Monday, November 19, 2007

Don't give up on team morale problems

Takeaway: Project managers should keep their eyes open for morale problems and look for ways to turn things around. Here are some suggestions.

Have you been the project manager for a team that had poor morale? I'm not referring to one malcontent. I'm talking about a team that has a pervasive morale problem. You may see symptoms of poor morale in the way team members respond to you, their lack of enthusiasm, or if they get angry at small matters, etc. The thing about poor morale is that people don't like to keep it to themselves. If one team member has poor morale, he wants to spread that fact so that others will come over to his side. As they say, "Misery loves company."

Morale problems don't happen overnight, and they can't be resolved overnight. Sometimes the morale problems are caused by the project itself. Other times the causes are out of your control. This could be the case when a company has lower revenue or staff cutbacks. However, even if the causes are not in your control (and remember many times they are) you have to take action. Here are some examples of how to address morale problems.

  • Be a good listener. You'll find that the simple act of listening will help people's morale. It shows that you at least recognize the problems and are concerned.
  • Say "thank you" for good contributions. If team members feel that the project manager recognizes their contributions, it will go a long way toward helping them feel better about their situation.
  • Assign more challenging work. This is a tough one because, in most cases, the work is the work and you can't change the basic nature of that work. However, there are some things you can do to introduce new challenges. For instance, you can rotate people into new roles. If two people have done the same job for a long time, switch them. This gives each person an opportunity to learn new skills and new areas of expertise, while also giving you more backup coverage. You can also give people more responsibility. This might include letting new people manage the budget for the team, putting people in charge of subteams, and assigning new people to manage the work of contractors.
  • Provide opportunities to learn new technologies.
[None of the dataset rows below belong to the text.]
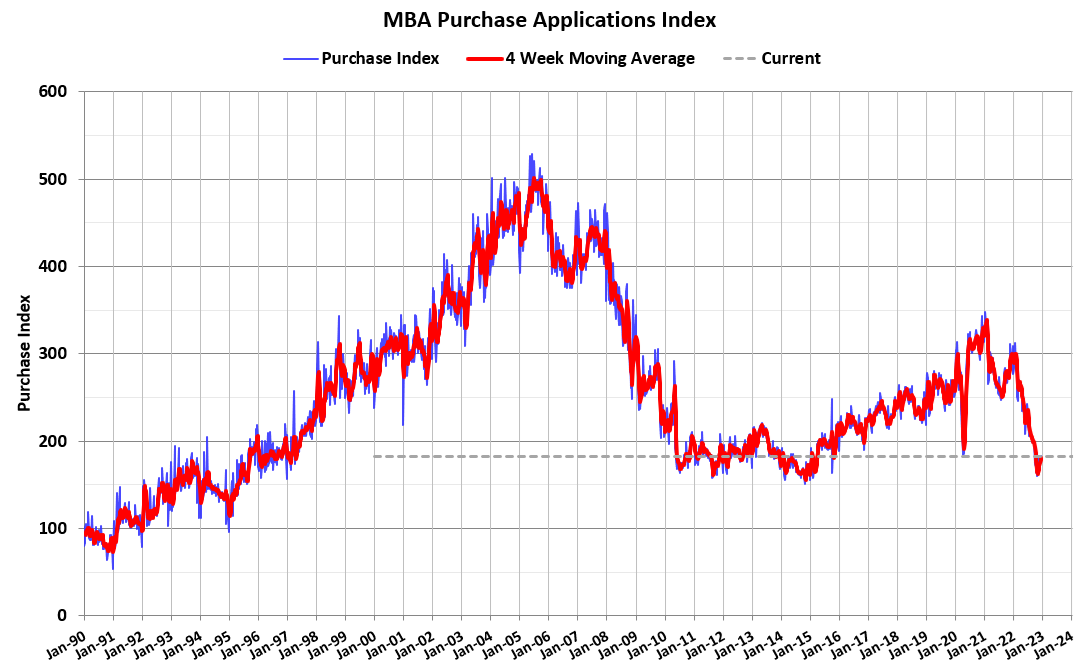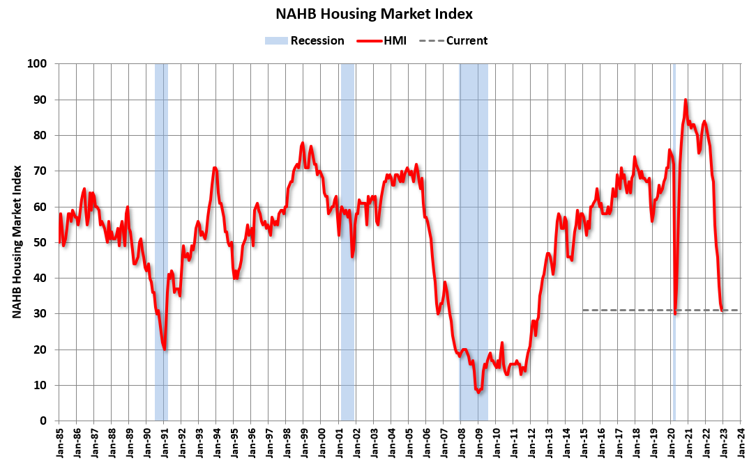 Il Chief Economist del NAHB, Robert Dietz, ha dichiarato che la discesa di soli 2 punti potrebbe indicare che siamo vicini al bottom, in effetti. Il punto è che sembra improbabile che il settore si riprenda molto rapidamente, visto il problema di convenienza, l'ondata di cantieri in corso di completamento, la FED ancora aggressiva, etc.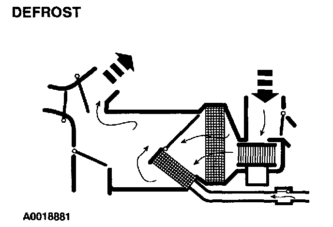 - The defrost airflow door and the vent/register blend door are in the no vacuum position, closing off air-flow to the windshield defroster hose nozzles and driver, passenger and center registers.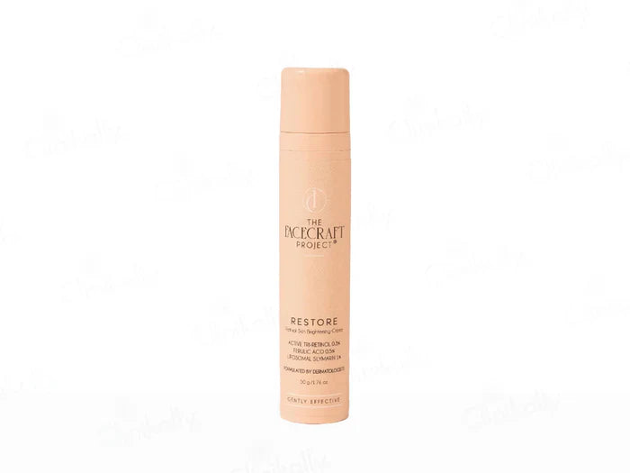 The Facecraft Project Restore Retinol Skin Brightening Cream is a powerful anti-aging formula designed to reduce fine lines, wrinkles, and pigmentation damage. The innovative Tri Retinol Complex delivers 0.3% active retinol, working overnight to improve skin texture, promote collagen synthesis, and reduce sunspots and melasma. Infused with Silymarin and Ferulic Acid, it protects the skin from environmental damage while brightening the complexion. This luxurious night cream enhances skin's suppleness, leaving it visibly smoother and more youthful.

You can try to rotate people into new technologies, switch responsibilities to allow people to learn new skills, and increase the training opportunities.
  • Make sure people know what's expected of them. You should make sure people are clear on what their job responsibilities are, what their current work activities are, and how their contributions help the entire project to be successful.
  • Offer more flexibility. Allowing people more control over their jobs and lives can help morale. Offer flextime options or some form of telecommuting.
  • Get the right equipment. Make sure people have the right hardware and software they need to do their jobs. It's especially frustrating for people to work on slow equipment, especially when hardware is so cheap.
  • Look for opportunities to have fun. Let’s not forget this one. Look for an opportunity for a social events, pizza parties, birthday cakes, etc.
  • Solicit opinions and ideas from employees. The project manager should encourage team members to become involved and offer their insights on assignments. If team members feel like their opinions and ideas are valuable, they will feel better about their situation.

Project managers should keep their eyes open for morale problems and look for ways to turn things around. Regardless of the limitations of your role, there are always some things that are within your control.